Review: WoodPad 10 Graphics Tablet, now 2x bigger

This is the new WoodPad 10 graphics tablet which is the larger model of the original WoodPad 7 that I reviewed a few months ago.

In my review of the WoodPad 7, the downsides are the rather small active area to work with, and the lack of stroke tapering with Photoshop (Mac) and Medibang Paint Pro (Mac). The WoodPad 10 has obviously addressed the small drawing area. As for the drawing performance, well, read on.


The packaging box is simple and nice. The box has a magnetic latch that opens easily to reveal the items inside.


What's included are the tablet, pen, USB cable, three replacement nibs and a nib remover.

The size of WoodPad 10 is almost two times the size of WoodPad 7. The diagonal measurement is 10 inches. Actual width is around 9 by 6 inches. This is a much more comfortable size to work with.


This tablet connects to the computer via a microUSB to USB Type A port. As you can see, the tablet is very thin. It's also lightweight because of the bamboo material that's used to make the surface, but it's definitely very solid. If you need to bring the tablet around, such as to and fro office, you probably won't feel the extra weight.


The back has a large piece of black foam and four rubber feet are located at the corners.


The logo is etched on the left side of the tablet and looks really nice. The look definitely feels very organic because of the bamboo.


The pen supports tilt sensitivity and up to 4,096 levels of pressure sensitivity. It is battery-free so it doesn't require charging.

The pen has a large rubber grip that's nice to hold. Overall, it feels lightweight, just the way I like it, but it has a very solid build quality to it. The white colour matches well with the colour of bamboo.


There are two side buttons on the pen but no eraser on the back. The default nib on the pen is the soft tip with additional friction for better control.


You can swap out the nibs very easily with the nib remover. If you need a smoother nib, you can use the hard surface nibs included.

Driver

No driver disc is included so you'll have to download the latest driver from the WoodPad website. The version that I've tested for this review is version 1.03. The driver supports both Mac and Windows.

The Mac driver I've used is version 1.03, and the Windows driver is version 1.14.


This is where to change the pen settings.
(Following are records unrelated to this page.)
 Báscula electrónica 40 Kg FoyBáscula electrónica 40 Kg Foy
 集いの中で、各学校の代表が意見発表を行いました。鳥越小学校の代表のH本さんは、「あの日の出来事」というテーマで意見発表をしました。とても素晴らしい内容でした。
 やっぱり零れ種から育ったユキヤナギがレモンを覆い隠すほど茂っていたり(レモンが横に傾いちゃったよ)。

You can customise the side buttons with various mouse clicks, to run applications and keyboard shortcuts.


The driver's second tab has mapping options. You can choose to let the tablet work like a mouse if you want to. The most obvious feature that's missing is the lack of left-handed mode.

Drawing Performance


When drawing fast in Photoshop (Mac), such as when hatching, the lines will taper abruptly with a trailing thin line.
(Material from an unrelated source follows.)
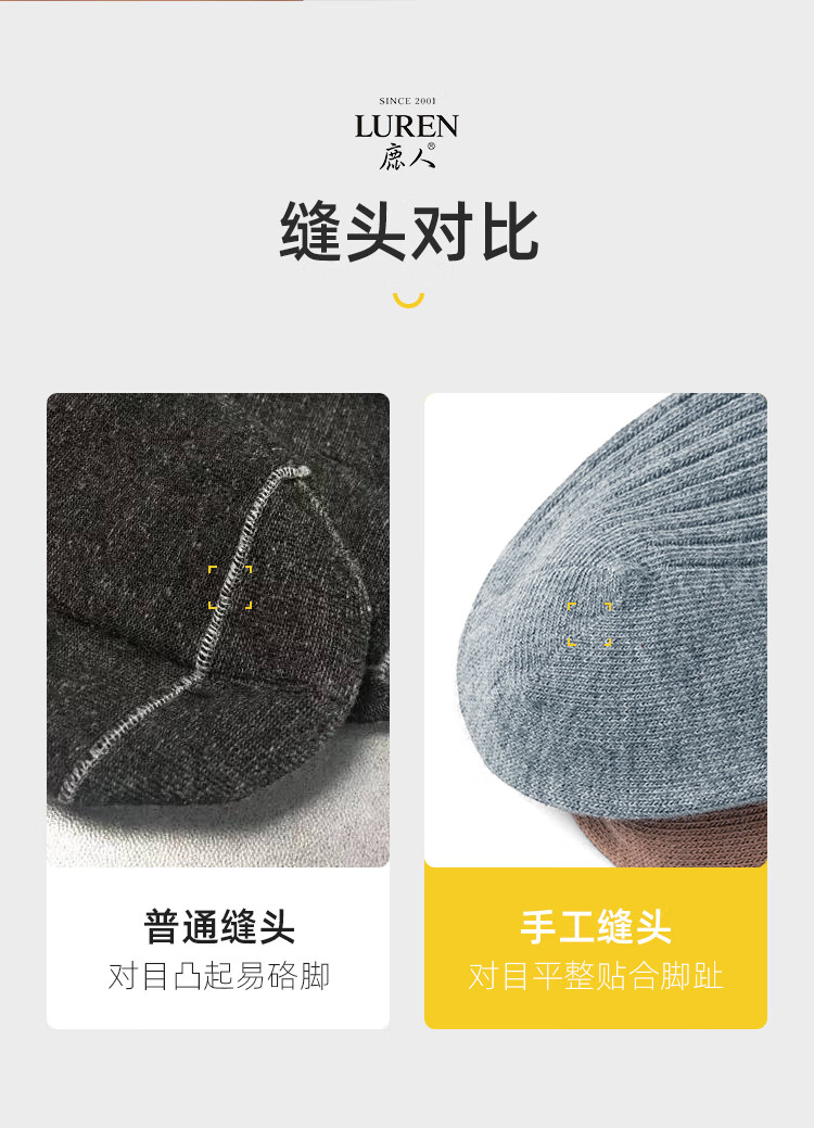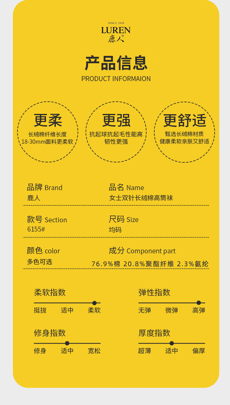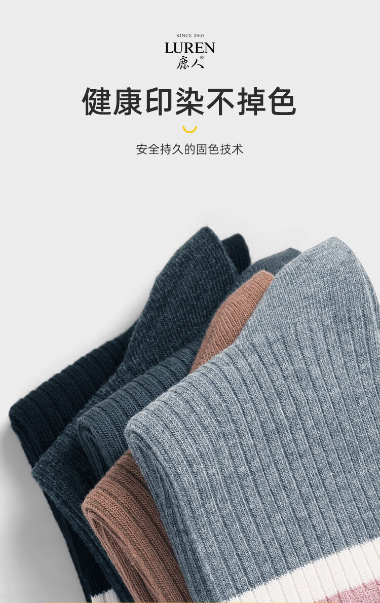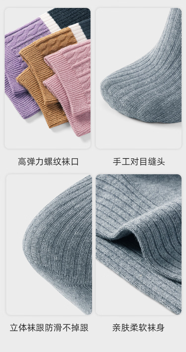 LU REN women's socks autumn and winter high-top double-needle wear-resistant splicing Xinjiang cotton long socks for women 6155-combination 1-pack 5 pairs one size

This is the same problem when I tested WoodPad 7. If you're just drawing normally, you won't see the problem though.

Other than the line taper issue, the tablet works fine with Photoshop (Mac).


Photoshop has tilt brushes and those work well too. The brush strokes will change depending on the angle of the pen.


Krita (Mac) works fine. The broken line problem that I saw with WoodPad 7 has been solved.


Clip Studio Paint (Mac) works well.


Medibang Paint Pro (Mac) works well.


Photoshop (Win) also has some line tapering issues. Other than that, the pressure and tilt sensitivity works well. Strokes are also smooth.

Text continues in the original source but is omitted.